Mnemic  was a Danish heavy metal band formed in Aalborg in 1998. The band personally described themselves as "Future Fusion Metal".

Mnemic have charted in the top 100 in Denmark with The Audio Injected Soul and were the first Danish metal band to open the Orange Stage at Roskilde Festival in 2004, one of Europe's biggest mainstream festivals. They have worked with Down and Fugees producer Warren Riker on the Passenger album, collaborated with Roy Z (Judas Priest and Bruce Dickinson producer), and were featured on the soundtracks of Alone in the Dark, Echo and Nordkraft films.

History

Formation and Mechanical Spin Phenomena

Mnemic (the Greek word for "memory" and an acronym for 'Mainly Neurotic Energy Modifying Instant Creation') was formed in the town of Aalborg, Denmark in 1998, by vocalist Mark Bai, guitarist Mircea Gabriel Eftemie, guitarist Rune Stigart, bassist Mikkel Larsen and ex-Invocator session drummer Brian Rasmussen. Some times later, Bai left the band to pursue other interests and was replaced by Michael Bogballe. The band were signed to Nuclear Blast Records, and produced their first album Mechanical Spin Phenomena in 2003 with producer Tue Madsen. After the recording of the album, Larsen was replaced by ex-Grope bassist Tomas "OBeast" Koefoed.

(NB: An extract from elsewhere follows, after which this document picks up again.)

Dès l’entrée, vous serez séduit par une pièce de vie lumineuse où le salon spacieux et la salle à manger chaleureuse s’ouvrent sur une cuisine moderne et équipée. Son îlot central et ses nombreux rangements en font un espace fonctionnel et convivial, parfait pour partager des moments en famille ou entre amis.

The band toured with Disbelief, Darkane, Mystic Prophecy and Death Angel in Europe, and alongside Machine Head in Germany.

The Audio Injected Soul
In 2004, Mnemic recorded their second album The Audio Injected Soul, at AntFarm Studios in Århus, Denmark with Madsen. The album was notable for including a cover version of Duran Duran's "Wild Boys", and also for being the first album in the world to be recorded using binaural recording technology. This style of recording allowed enhanced audio for listeners with special head sets. The album debuted at 97 in the national Danish album charts.

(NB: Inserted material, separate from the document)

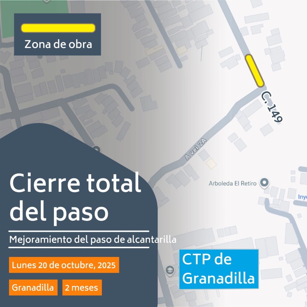 La Municipalidad de Curridabat informó que a partir del lunes 20 de octubre de 2025 iniciarán las obras de mejoramiento sobre la Calle Chanto (Calle 149), ubicada aproximadamente 350 metros al noreste del Colegio Técnico Profesional de Granadilla.
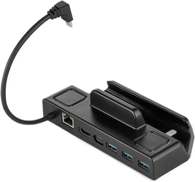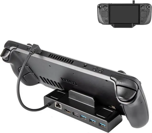 The TV dock is designed for Steam Deck, equipped with an 4K HDMI output, a USB TY>pe C PD port and 3 USB 3.0 data ports. You can enjoy playing video games on TV while your device is as well.

The album spawned two music videos, "Deathbox" (directed by Patric Ulleaus), which was filmed at the Revolver Studios in Gothenburg, and "Door 2.12", which was filmed in Berlin.

Vocalist change
In 2005, vocalist Bøgballe left the band and was replaced by former Transport League and B-Thong vocalist Tony Jelencovich.  Jelencovich filled in for the band's North American tour with Meshuggah, but was subsequently replaced in April 2006 by ex-Scarve vocalist Guillaume Bideau.

Passenger
Mnemic's third studio album, titled Passenger, was produced by Christian Olde Wolbers of Fear Factory, featuring artwork by Asterik Studios, and guest vocals by Jeff Walker (of Carcass and Brujeria) and Shane Embury (of Napalm Death and Brujeria). The album spawned a music video for the song "Meaningless", directed by Patric Ullaeus of the Revolver Film company.

The album was released in February 2007, with the Japanese version containing a bonus track, titled "Zero Synchronized".

Sons of the System
Mnemic's fourth album Sons of the System was distributed via Nuclear Blast Records, and released in Europe on 15 January 2010 and in North America on 26 January 2010. It was recorded in the band's own studio, with producer Tue Madsen (who worked with the band on previous releases Mechanical Spin Phenomena and The Audio Injected Soul).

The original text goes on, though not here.